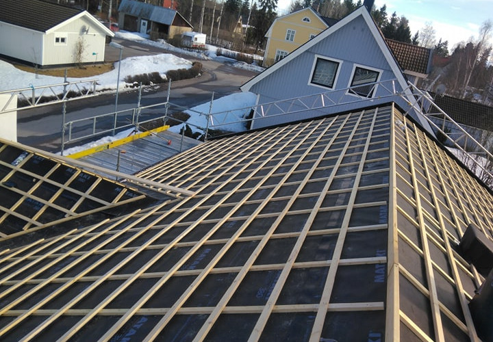 Detta tak har fått nytt undertak i form av råspontluckor, ny papp från Mataki, Ny strö och bärläkt 25x48mm. Detta har sedan pryds med nya vindskivor, gavellister och svarta betongpannor från Benders.
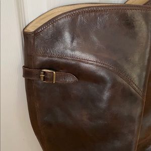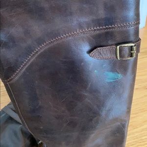 Tall soft brown detailed riding boots with pointed toe and added buckles. Made from a smooth vintage Italian leather and has a low heel.
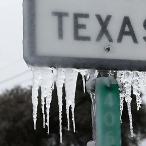 当地时间2021年2月18日,美国得州,路牌上挂着冰柱。
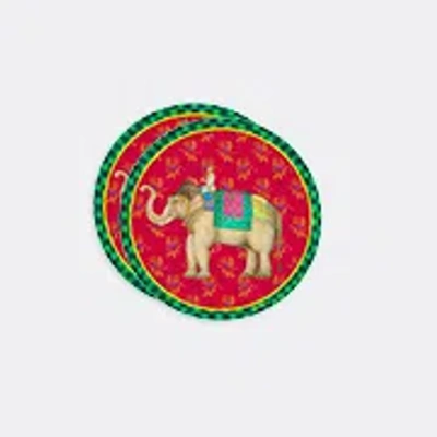 The round 'Elephant Peacock Masonite' placemat in red features a beautifully detailed Indian elephant dressed in textiles from the Lisa Corti collection. A wine red background with purple and gold floral detailing gives way to surprising checkerboard panels in contrasting green and blue. Made in Italy, this set of two heat-resistant, easy-clean placemats brings a far-flung feel to the table. Mix and match with other Lisa Corti tableware for an elegantly maximalist on-brand look.
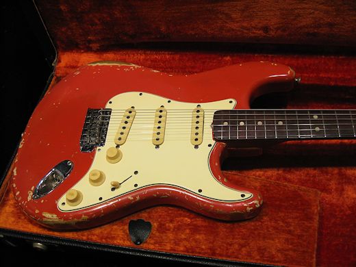 Original Fiesta Red!1965年製ストラトキャスターが入荷しました。弾き込まれたリアルエイジングの超クールなフェスタレッドのストラト。ハカランダ指板のネックデイトは64年12月、ポットデイト65年1週目、ピックアップは65年2月。リフレット、ナット交換済みで弾き易いセットアップになっています。ワイドレンジでとても抜けの良いサウンドです。大人気カラーでオリジナル度も高い1本、お見逃しなく!オリジナルハードケース付き
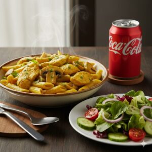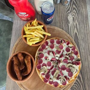 Small Pizza (Sosis, mantar, kaşar peynir) + Chicken Fingers (3 Adet) + Patates Kızartması + Kutu İçecek
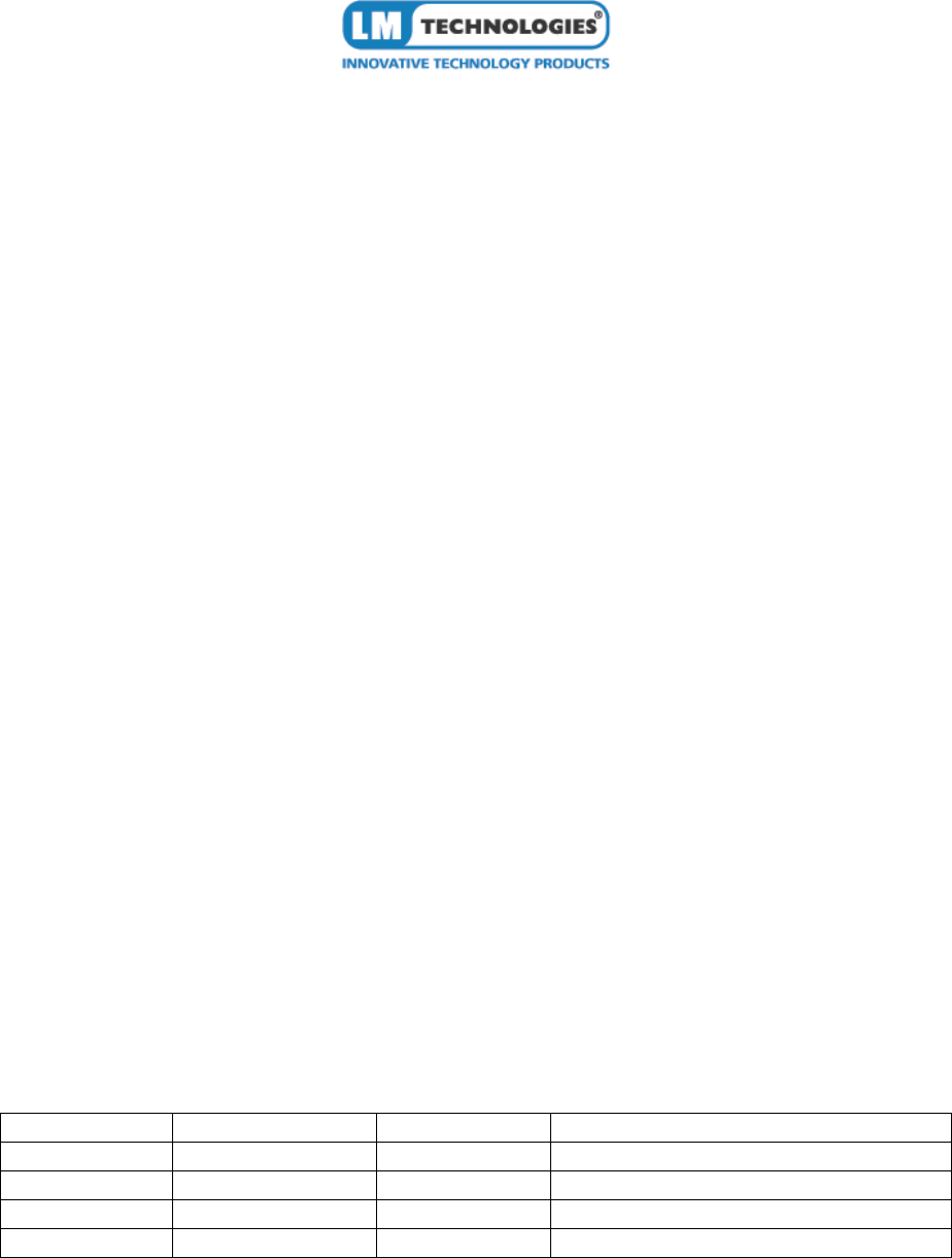 LM Technologies Ltd. AT Command Manual Applicable for Firmware version 4.5X, 4.6X, 6.5X, 6.1X Revision v1.0 v1.1 v1.2 v1.3 Date 21-07-2009 24-09-2009 15-06-2010 22-03-2011 Name Kanwal Kanwal Kanwal Sumeet Description Initial Draft version New AT command added Applicable to firmware v4.53, v4.61 Updates for firmware v6.
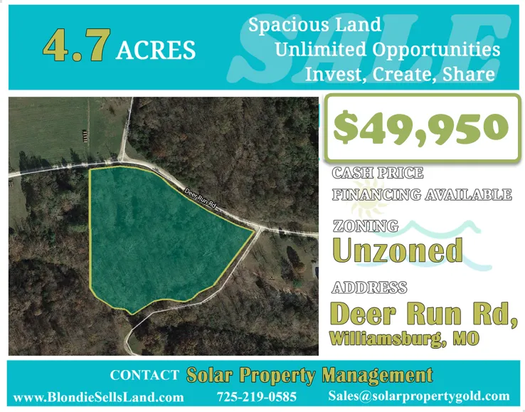 The lot sits on the unpaved Deer Run road. You can use these coordinates to find the property via Google maps: 38.827053, -91.750096 or the neighbors address of 9768 Deer Run Rd, which is across Sycamore street. While the property is Unzoned, there are Limited POA Restrictions. Build a Shouse, Tiny home, Cabin or place a Mobile / Manufactured house. Tent & RV camping are also allowed . Electricity is available at the street. Public / County connections are available for water, but a private septic system must be installed. Buyer must verify & work with County to know what can & can't be done with the land, obtain proper permits if needed & confirm the availability of any utilities needed/serviced on the lots. Seller makes no warranties or representations about the land, its condition, or what can be built on the parcel.

*Required work*
From the first line of the records through the line containing "LM Technologies Ltd.", please output exactly those lines and nothing more, leaving out the pictures.

*Exercise solution*
 Detta tak har fått nytt undertak i form av råspontluckor, ny papp från Mataki, Ny strö och bärläkt 25x48mm. Detta har sedan pryds med nya vindskivor, gavellister och svarta betongpannor från Benders.
 Tall soft brown detailed riding boots with pointed toe and added buckles. Made from a smooth vintage Italian leather and has a low heel.
 当地时间2021年2月18日,美国得州,路牌上挂着冰柱。
 The round 'Elephant Peacock Masonite' placemat in red features a beautifully detailed Indian elephant dressed in textiles from the Lisa Corti collection. A wine red background with purple and gold floral detailing gives way to surprising checkerboard panels in contrasting green and blue. Made in Italy, this set of two heat-resistant, easy-clean placemats brings a far-flung feel to the table. Mix and match with other Lisa Corti tableware for an elegantly maximalist on-brand look.
 Original Fiesta Red!1965年製ストラトキャスターが入荷しました。弾き込まれたリアルエイジングの超クールなフェスタレッドのストラト。ハカランダ指板のネックデイトは64年12月、ポットデイト65年1週目、ピックアップは65年2月。リフレット、ナット交換済みで弾き易いセットアップになっています。ワイドレンジでとても抜けの良いサウンドです。大人気カラーでオリジナル度も高い1本、お見逃しなく!オリジナルハードケース付き
 Small Pizza (Sosis, mantar, kaşar peynir) + Chicken Fingers (3 Adet) + Patates Kızartması + Kutu İçecek
 LM Technologies Ltd. AT Command Manual Applicable for Firmware version 4.5X, 4.6X, 6.5X, 6.1X Revision v1.0 v1.1 v1.2 v1.3 Date 21-07-2009 24-09-2009 15-06-2010 22-03-2011 Name Kanwal Kanwal Kanwal Sumeet Description Initial Draft version New AT command added Applicable to firmware v4.53, v4.61 Updates for firmware v6.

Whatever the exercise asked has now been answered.